Exemple 2 : donation de parts de GFA d'une valeur de 15 000 000 € avec conservation de dix-huit ans. L'exonération à 75 % s'applique à l'intégralité de la valeur, car elle reste inférieure au plafond de 20 M€. L'assiette exonérée est donc de 11 250 000 €, l'assiette taxable de 3 750 000 €.
– Que faire si les biens transmis comprennent une installation photovoltaïque ? – La présence d'installations photovoltaïques peut remettre en cause l'exonération partielle des droits de mutation à titre gratuit767, si elle dénature la vocation agricole ou forestière du groupement. Le Code général des impôts et la jurisprudence exigent que les biens transmis soient effectivement et principalement affectés à une activité agricole ou forestière. La loi Grenelle II768 autorise cependant une production d'électricité photovoltaïque à condition que les générateurs solaires soient fixés ou intégrés aux bâtiments agricoles appartenant au GFA, indépendamment de son objet statutaire769. Ce dispositif ne vise que les installations en toiture, et non les centrales au sol. Pour sécuriser la transmission et préserver le bénéfice de l'exonération, le notaire doit :
  • vérifier l'intégration technique des installations (panneaux fixés sur des bâtiments affectés à l'exploitation, à usage agricole effectif) ;
  • s'assurer du caractère accessoire de l'activité photovoltaïque, ne devant pas altérer la vocation agricole principale du groupement. En l'absence de seuil légal, cette appréciation reste au cas par cas, selon la nature des revenus, l'usage des surfaces, et les clauses statutaires ;
  • évaluer l'opportunité d'une scission patrimoniale : le retrait des biens concernés ou la création d'une structure distincte permettrait d'éviter le risque de requalification ;
  • anticiper les conséquences fiscales : une activité prépondérante de production d'électricité pourrait entraîner la perte de l'exonération sur tout ou partie des parts, voire la requalification du GFA en société commerciale.

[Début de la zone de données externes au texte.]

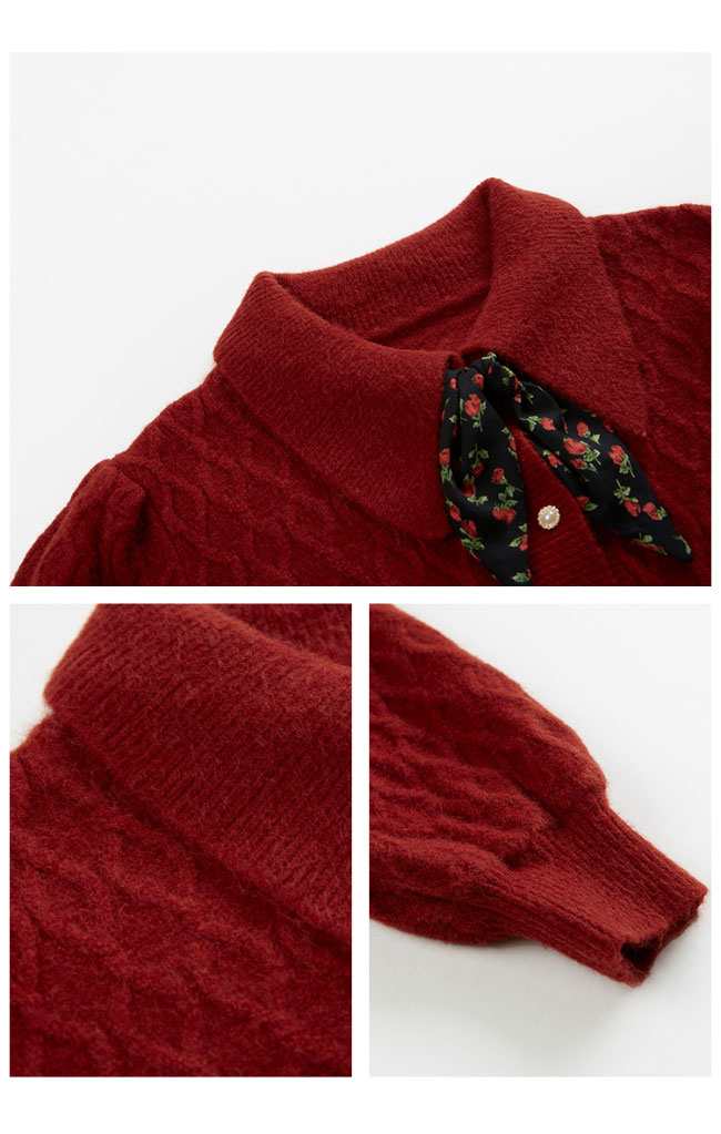 ニットカーディガン ショート レディース ニットセーター 前あき レトロ コーディガン スカーフ付き おしゃれ ニット トップス 長袖 春 秋 冬 ワインレッド イエロー ブラック ベージュ ブルー
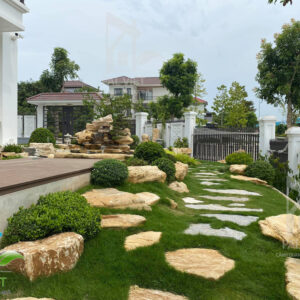 Những phiến đá có kích thước và kiểu dáng ngẫu nhiên. Chúng được sắp xếp tạo thành một lối đi độc đáo từ cổng vào đến trong nhà mà không làm mất dáng vẻ vốn có ban đầu.

En pratique, une clause statutaire spécifique peut utilement encadrer ou interdire les installations photovoltaïques, notamment en prohibant toute commercialisation directe d'électricité. À défaut, le régime d'exonération partielle risque d'être compromis, en totalité ou sur la fraction du patrimoine concernée.
– L'engagement de conservation est-il compatible avec la revente des parts ? – La réponse est négative. La cession des parts pendant la période de conservation (cinq ou dix-huit ans selon les cas) entraîne la remise en cause de l'exonération, sauf si elle intervient au profit d'un coïndivisaire, d'un autre héritier ou d'un ayant droit remplissant les mêmes conditions. Le notaire doit formaliser l'engagement par acte authentique, informer les parties sur les délais et vérifier le respect des obligations pendant toute la durée de l'engagement.
– Peut-on restructurer le GFA sans remise en cause de l'exonération ? – La réponse est positive, sous conditions strictes. La jurisprudence770 rappelle que les modifications postérieures à une transmission (restructuration, changement de bénéficiaire) ne remettent pas en cause l'exonération, à condition que les engagements initiaux (durée de conservation, vocation agricole) soient respectés. Toute modification des statuts ou de la vocation des biens doit ainsi rester conforme aux exigences de l'article 793 du CGI.